Le Père Jerzy Popiełuszko, héros national polonais, protecteur spirituel du mouvement Solidarnosc, est abattu par les communistes il y a 40 ans tout juste, en octobre 1984. Dès les premiers jours qui ont suivi sa mort, il fut considéré en Pologne comme un martyr.

IL Y A QUARANTE ANS, ma patrie, la Pologne, partie intégrante du bloc de l’Est, se trouvait sous le régime d’une dictature communiste. En octobre 1984, la télévision d’État informait que le Père Jerzy Popiełuszko, prédicateur charismatique, avait été enlevé et que des agents du Service de sécurité (SB), autrement dit de la police politique du régime rouge, « ayant agi de leur propre chef », seraient impliqués. Le corps du prêtre fut bientôt retrouvé. Les experts n’en doutaient pas : il s’agissait d’un meurtre précédé d’actes de torture.

La nouvelle a bouleversé la société polonaise. À Varsovie, plus de 600 000 personnes, dont des délégations de travailleurs venus de tout le pays, ont accompagné le prêtre assassiné sur le dernier chemin. Qui était ce prêtre de 37 ans de l’archidiocèse de Varsovie, dont la mort a si profondément ému des millions de Polonais ? Pourquoi, en 2010, fut-il déclaré bienheureux par l’Église catholique ?

Pour le comprendre, il faut remonter le temps jusqu’à la Seconde Guerre mondiale. Le 1er septembre 1939, le Troisième Reich allemand a lancé une agression armée contre le territoire de la République de Pologne. Puis, conformément au pacte Ribbentrop- Molotov, conclu le 23 août de la même année, les troupes soviétiques ont attaqué la Pologne le 17 septembre, occupant une large bande de ses terres orientales. La République en tant qu’État s’est effondrée, mais en tant qu’État polonais clandestin bientôt établi, elle a opposé une résistance constante aux envahisseurs, en étroite coopération avec les Alliés.

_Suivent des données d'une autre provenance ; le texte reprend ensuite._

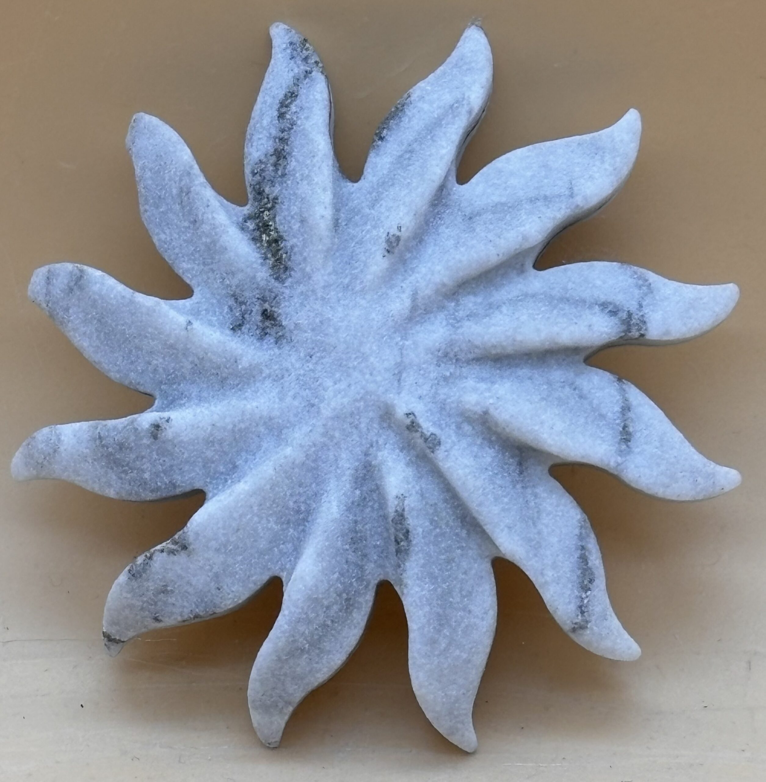 Goldmarmor Sonne aus feinem Dolomitmarmor des Binntal / Wallis / Schweiz, Oberfläche jetgestrahlt, Schweizer Handarbeit

Esclavage. Entre novembre 1943 et août 1945, lors des conférences de Téhéran, Yalta et Potsdam, les dirigeants des États-Unis d’Amérique, de la Grande-Bretagne et de l’Union soviétique se sont mis d’accord sur les principes d’un nouvel ordre en Europe. Ils ont également décidé du sort de la Pologne, un pays qui, depuis mille ans avait eu sa part dans l’établissement de la culture occidentale, un pays qui avait été le premier à résister à l’invasion armée du Troisième Reich et qui non seulement n’avait jamais collaboré avec l’Allemagne nazie, mais qui avait également soutenu les troupes alliées avec des milliers de ses soldats sur tous les fronts de la lutte contre les hitlériens.

Hélas, à la suite des arrangements entre les Trois Grands, ma patrie, bien qu’officiellement libérée, est restée en réalité sous la domination des Soviétiques. Après la tragédie de l’occupation criminelle allemande, la fin de la Seconde Guerre mondiale a apporté aux Polonais non pas la liberté et le développement, mais l’esclavage communiste, les garnisons permanentes de l’Armée rouge et la subordination coloniale à l’empire, avec Moscou pour capitale.

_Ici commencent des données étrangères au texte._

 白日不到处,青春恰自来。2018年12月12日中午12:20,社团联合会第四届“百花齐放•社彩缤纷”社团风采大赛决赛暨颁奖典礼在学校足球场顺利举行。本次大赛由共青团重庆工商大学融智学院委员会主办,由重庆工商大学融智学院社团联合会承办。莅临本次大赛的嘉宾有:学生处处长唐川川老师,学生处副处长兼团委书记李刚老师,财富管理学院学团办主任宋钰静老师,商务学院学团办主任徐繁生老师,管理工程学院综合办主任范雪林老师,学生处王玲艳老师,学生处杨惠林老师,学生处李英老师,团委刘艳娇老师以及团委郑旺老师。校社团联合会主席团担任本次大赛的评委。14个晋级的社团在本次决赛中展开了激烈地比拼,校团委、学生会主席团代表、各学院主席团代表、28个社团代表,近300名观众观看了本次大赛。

Le pouvoir communiste, basé sur la dépendance à l’égard des Soviétiques, et son idéologie totalitaire étaient à l’opposé des idéaux et des aspirations les plus chers aux Polonais, à savoir un État souverain, le respect de la tradition chrétienne et de la liberté religieuse, une économie basée sur la propriété privée et le solidarisme social, ainsi que la volonté de rattraper les retards causés par la destruction du pays lors des deux conflits mondiaux. Malheureusement, les craintes des patriotes polonais se sont confirmées. Les effets de l’installation du communisme en Pologne furent similaires à ceux observés ailleurs dans le monde : exploitation politique et économique par l’URSS, économie inefficace, paupérisation généralisée, travail au-dessus des forces humaines, privilèges de « l’aristocratie rouge » oisive, piétinement systémique des droits de l’homme et de la culture nationale authentique, censure stricte et État policier, procès spectacles, pacifications sanglantes des protestations ouvrières, meurtres et autres crimes de l’appareil de répression agissant en toute impunité.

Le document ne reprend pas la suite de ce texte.